Toda obra de LE é composta de cenas, acontecimentos, comportamentos, ações, objetos (incluindo objetos também há texto). Através desses conceitos são implementadas as atividades de entrada, saída de rede, que são a base para a implementação de cada LE produto. Estes produtos especiais, que dão origem a cultura digital e arte digital (a arte contemporânea real), são projetados por meio de roteiros, storyboards e fluxogramas que destacam os processos, possibilidades, transformações para alcançar resultados através da interfaces que permitem a interação entre homem e máquina.
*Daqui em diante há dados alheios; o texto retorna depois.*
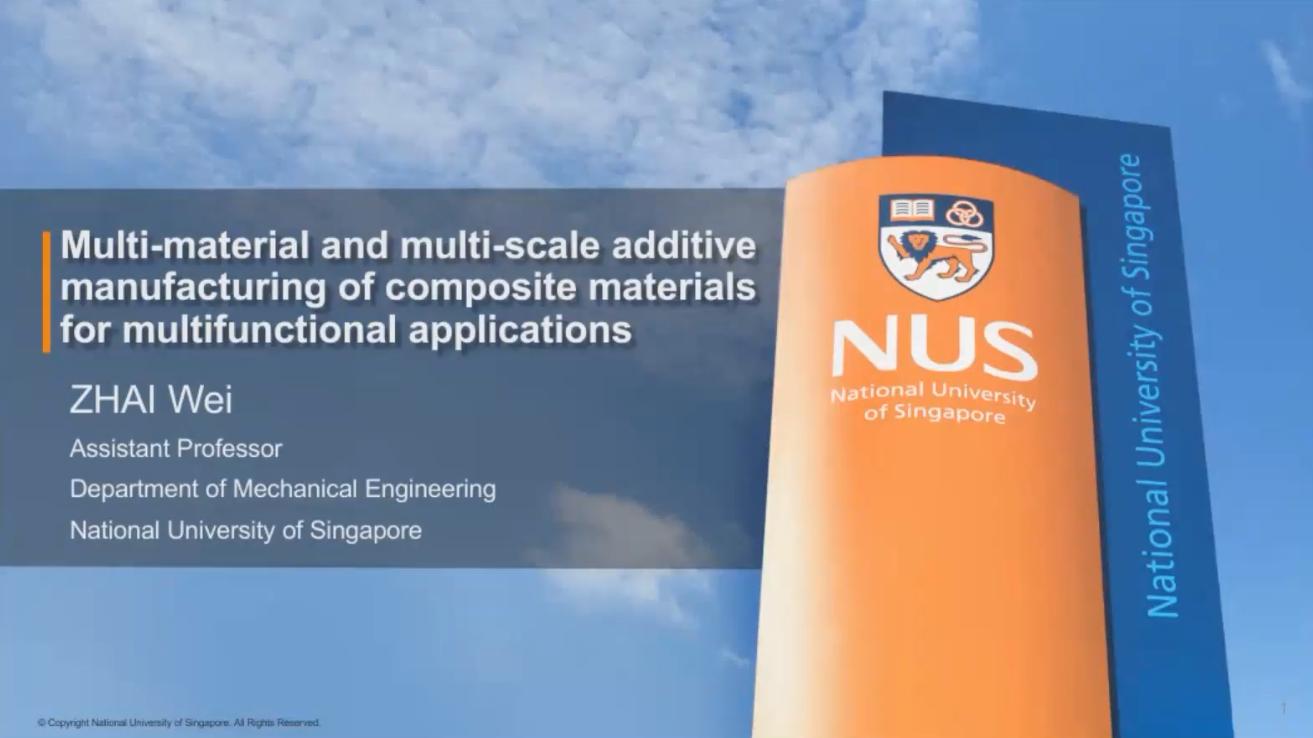 5月18日上午,应省部共建国家重点实验室邀请,新加坡国立大学Zhai Wei教授通过线上为我校师生作学术报告,报告题目为“Multi-material and multi-scale additive manufacturing of composite materials for multifunctional applications(多材料、多尺度增材制造复合材料及其多功能应用)”。报告会由省部共建国家重点实验室常务副主任石玗教授主持。重点实验室及材料学院师生50余人在线下会议室参会,同时,还有来自吉林大学沈平教授等多位师生线上同步参加了报告会。

Estes documentos são preparatórias para a criação de LE e representam a pele. A interface tem, em sua expressão gráfica, os objetos que possibilitam os objectivos do programa. Tudo o que aparece durante o uso do programa é a parte visível do trabalho, mas a parte visível é apenas possível se houver uma parte invisível que produz tanto a interface que o programa do motor, isto é, as listas de programas que regula 'entrada e a saída do sistema digital (computador). Estes programação listados podem ser consideradas como as entrelinhas do produto digital.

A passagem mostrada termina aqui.